*Exercise prompt:* Look for the line with "タイダウンフックは市販のカー" in the data below, then reproduce word for word that line and every line after it. Leave out all pictures and add nothing.

*Listed entries:*

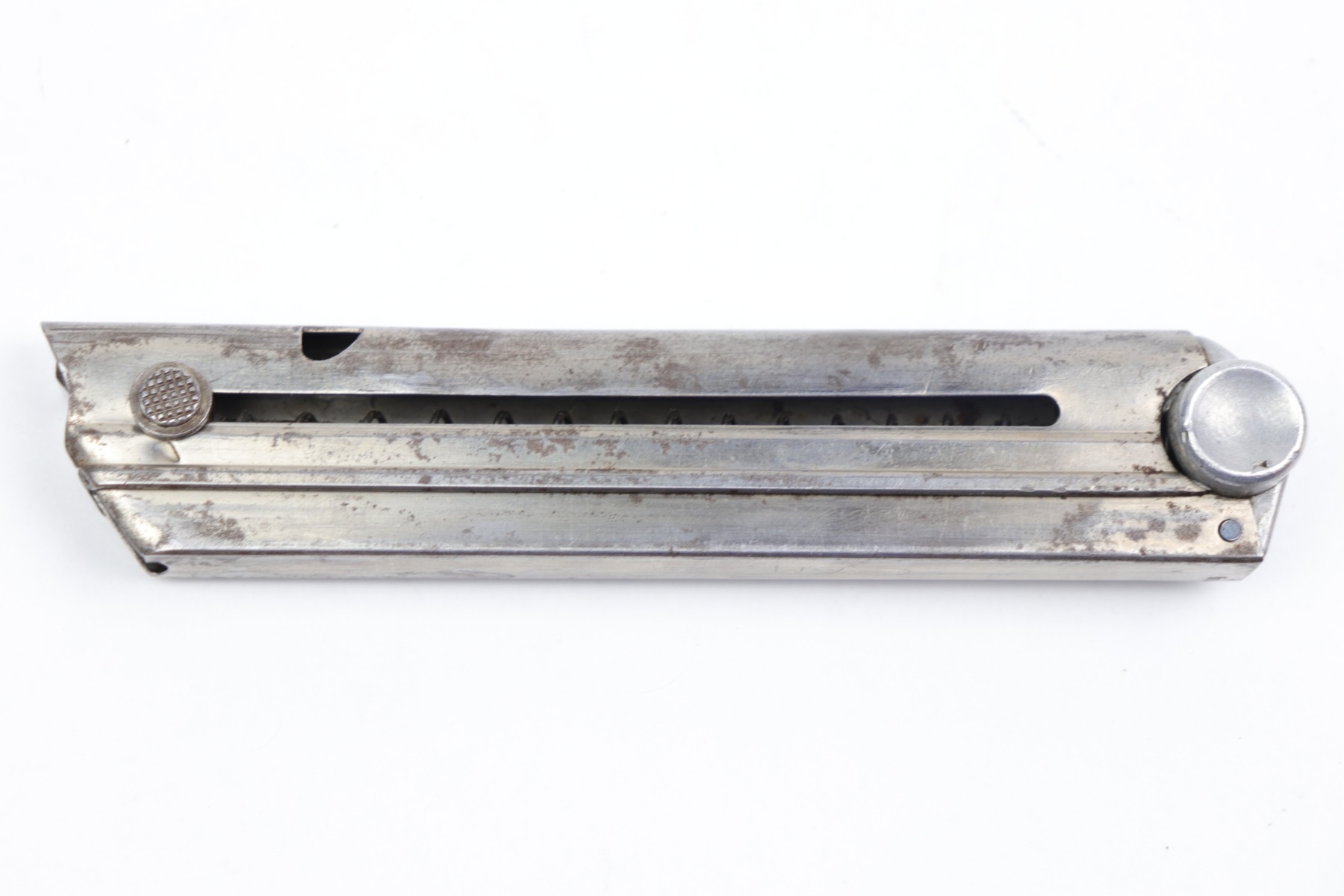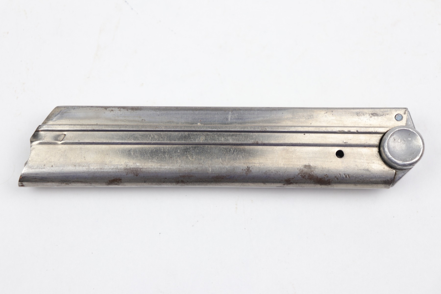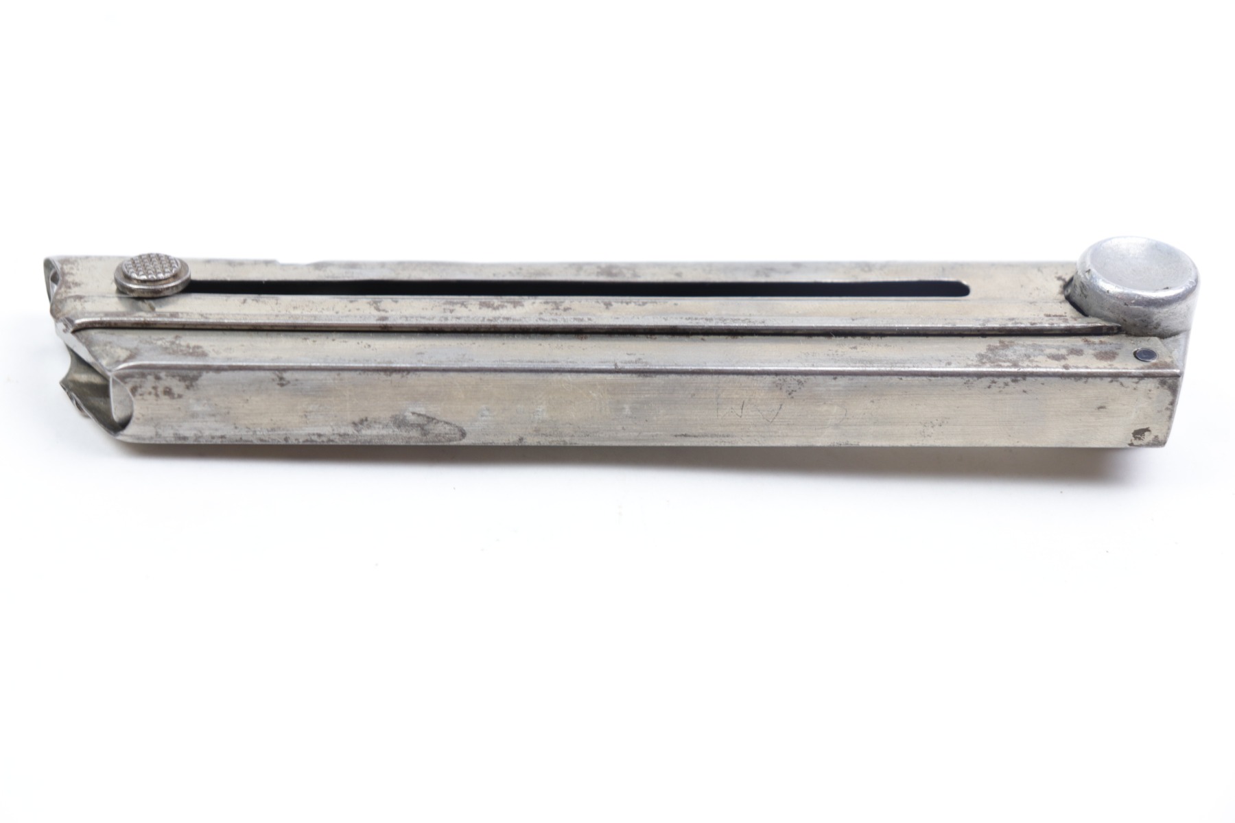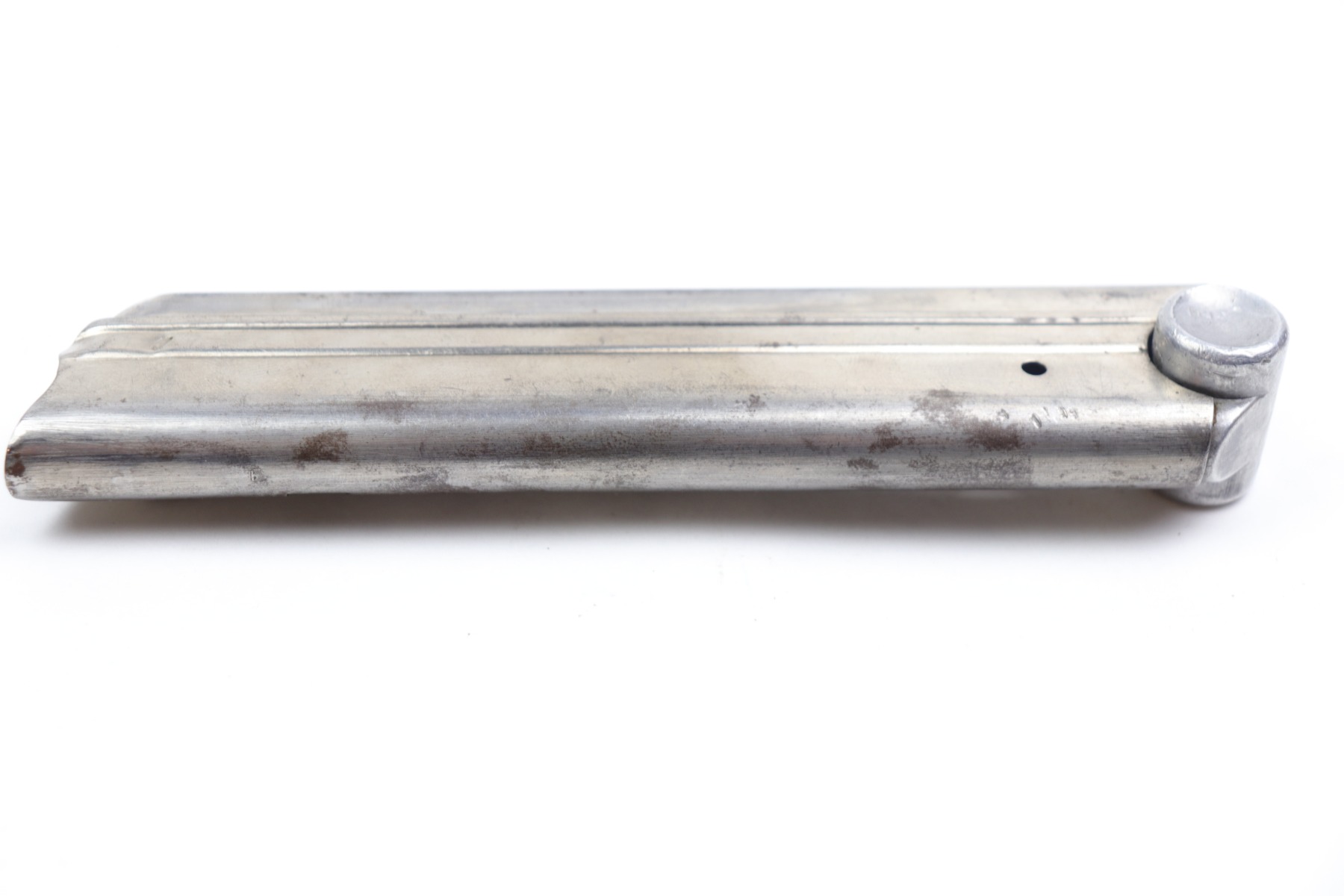 12/28/20 – This is an original, rare variation B/90 proofed Luger magazine. The magazine has a nickled tube and aluminum base. The base is serial numbered 3258a with a “+” sign and b/90 proof stamp. The tube has some dark patina as shown in photos. Fully functional spring.
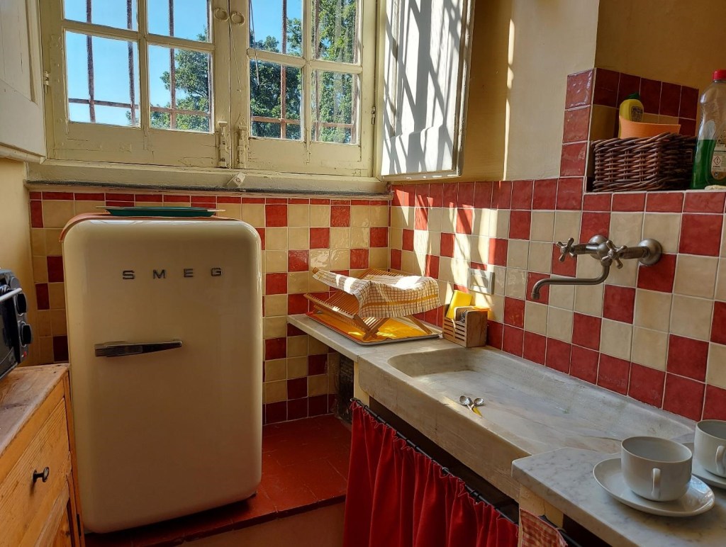 Lejligheden var indrettet med antikviteter og Ikeamøbler i en skøn, uformel stil, og det lille køkken med den store marmorvask og det gamle SMEG køleskab var både kønt og funktionelt.
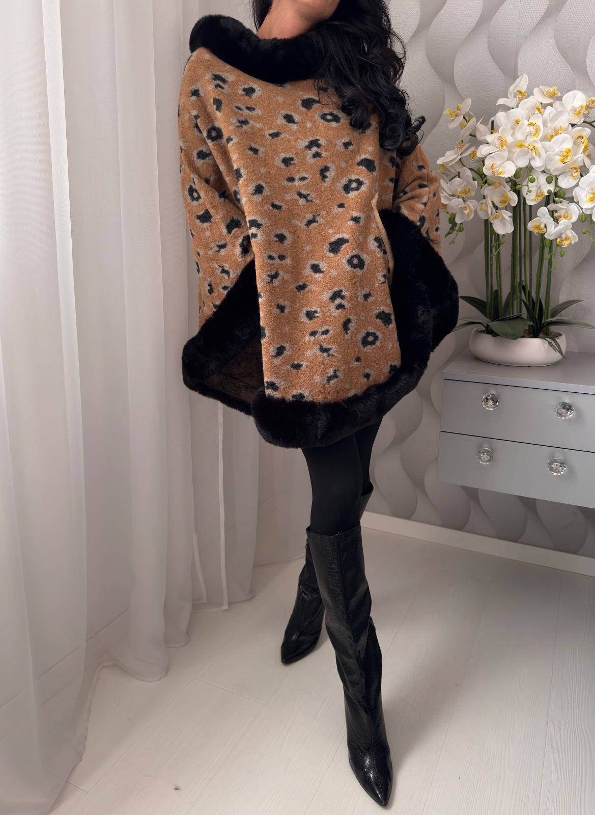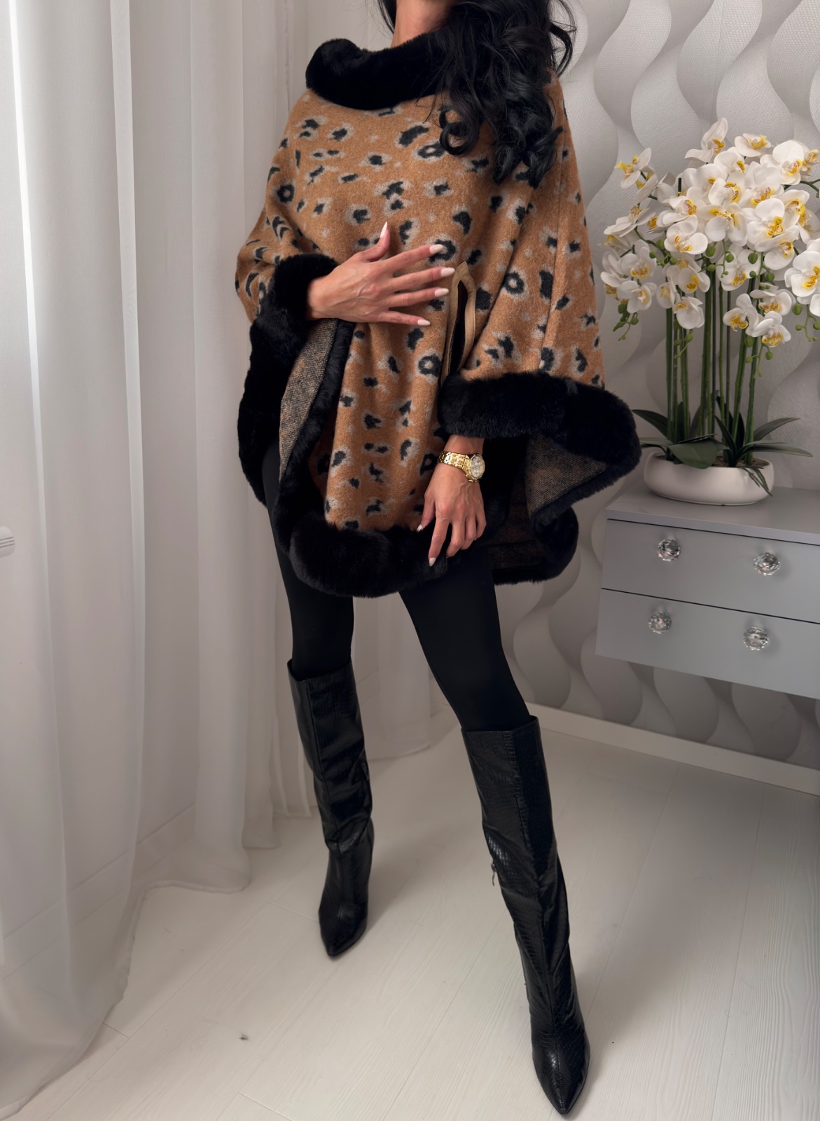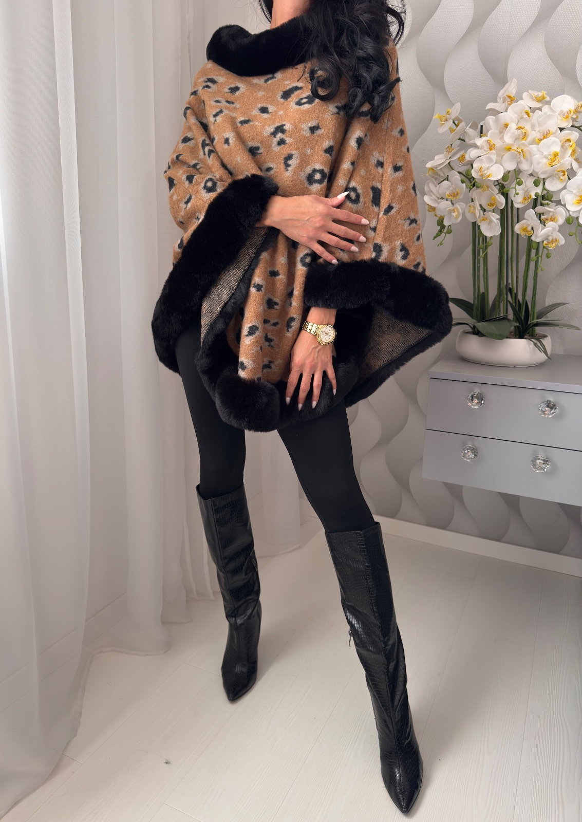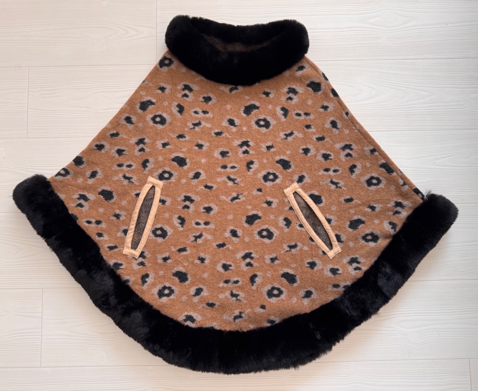 Zaujímavé pončo lemované s čiernou kožušinou.
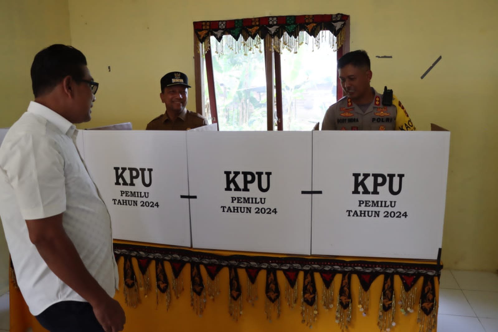 Kapolres Aceh Tengah Polda Aceh AKBP Dody Indra Eka Putra, bersama Pj. Bupati dan unsur Penyelenggara Pemilu Kabupaten Aceh Tengah serta Forkopimcam meninjau Tempat Pemungutan Suara (TPS) di 5 Kampung Kecamatan Linge, Selasa (13/2/2024).
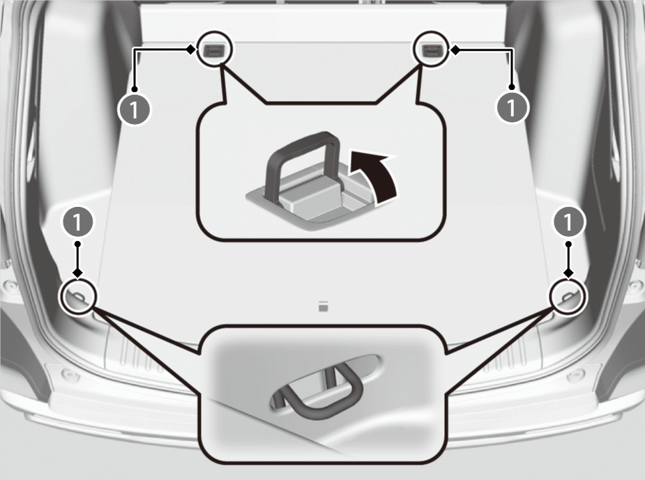 タイダウンフックは市販のカーゴネットを使用して、収納したものを固定することができます。
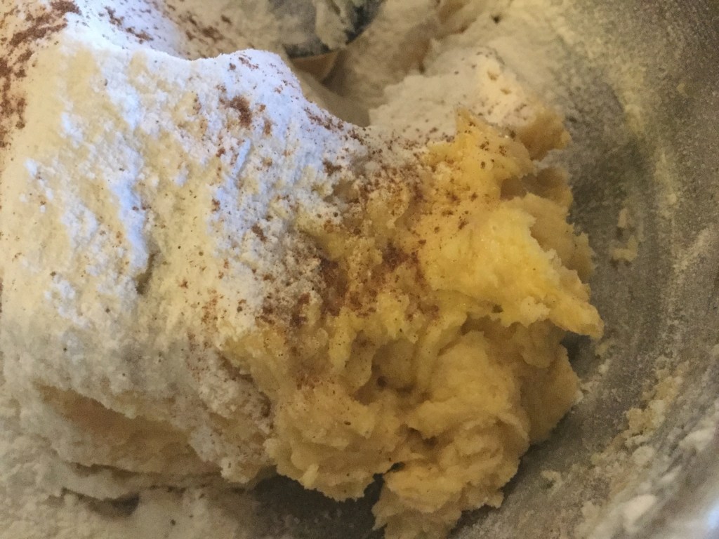 Ho lavorato con il frullino il burro morbido con lo zucchero sino ad ottenere un impasto montato. Ho aggiunto, sempre frullando, i tuorli, uno alla volta per farli assorbire bene. Ho setacciato la farina con il lievito, ho aggiunto la cannella e poco per volta l’ho impastata al composto con il burro. Appena possibile ho trasferito l’impasto sulla spianatoia sino a che tutta la farina è stata assorbita.

*Worked solution:*
 タイダウンフックは市販のカーゴネットを使用して、収納したものを固定することができます。
 Ho lavorato con il frullino il burro morbido con lo zucchero sino ad ottenere un impasto montato. Ho aggiunto, sempre frullando, i tuorli, uno alla volta per farli assorbire bene. Ho setacciato la farina con il lievito, ho aggiunto la cannella e poco per volta l’ho impastata al composto con il burro. Appena possibile ho trasferito l’impasto sulla spianatoia sino a che tutta la farina è stata assorbita.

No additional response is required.